Remands of CDP cases made up about 8% of the Tax Court cases Carl and I sampled in our article on CDP cases in Tax Court. Some remands resulted from the Court’s concerns about the handling of the cases while other remands stemmed from the request of the Chief Counsel attorney handling the case who saw something that did not sit right. In my experience remands usually result in working out a failed situation and making it right.
Judge Lauber just entered an opinion remanding a CDP case. He appears to have gotten it right where the Settlement Officer did not. See Szekely v. Commissioner, (September 23, 2013). The taxpayer requested permission to submit an offer in compromise after discussing that possibility at the CDP hearing. The Settlement Officer, who took four months to set the hearing after the taxpayer made the CDP request, only gave the taxpayer 14 days after the hearing to submit the offer in compromise. The taxpayer submitted it about one week after the 14 day deadline. Judge Lauber determined that the Settlement Officer needed to work with the taxpayer in this situation and not make a mechanical judgment based on an arbitrary deadline that bore no relationship to the time frame already passed before Appeals got to the case.
The timing issues discussed in this case reflect my experience with CDP cases. As Carl and I mentioned in our article, Appeals does not quickly hold CDP hearings. It typically takes months to get even a telephonic hearing with a Settlement Officer in a remote service center. Yet, despite that fact that Appeals takes months to hold the hearing, Settlement Officers generally demand the taxpayer or the taxpayer’s representative to submit additional information in a very short time after the hearing. Their time frame expectations for responses place a very heavy burden on an academic clinic such as the one I run because the delay in holding the hearing means the students who worked the case initially and requested the hearing have left the clinic. The file has sat in our drawer for several months with nothing happening. New students have been assigned who basically no nothing about the case and must come up to speed on a case they know nothing about. The Settlement Officers may have tight deadlines for completion of the case which has sat in their inventory for some time prior to the scheduling of the hearing and may have internal pressures to finish the case quickly by the time of the scheduling of the hearing. These pressures may drive their demands for unreasonable response times that burden taxpayers and representatives in these situations.

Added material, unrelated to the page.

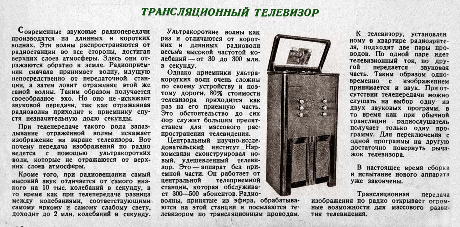 Трансляционный телевизор *ТТ* (*ТТ* - образное наименование) разработан в 1939 году. Первый телевизионный приёмник кабельного телевидения и радиовещания.

What will ultimately happen in the Szekely case remains unknown but the remand here signals willingness by the Tax Court to take a hard look at the CDP process and insure that a taxpayer willing to actively pursue their case receives a reasonable opportunity to do so. This is a good procedural result which, I hope, will lead to a good substantive result for this taxpayer and the government. Coming so soon after the excellent presentation, it serves to continue my rethinking of the CDP process. Perhaps one day I will change my view. For now, I continue to embrace the process for my clients in appropriate situations while holding my nose from a tax administration perspective.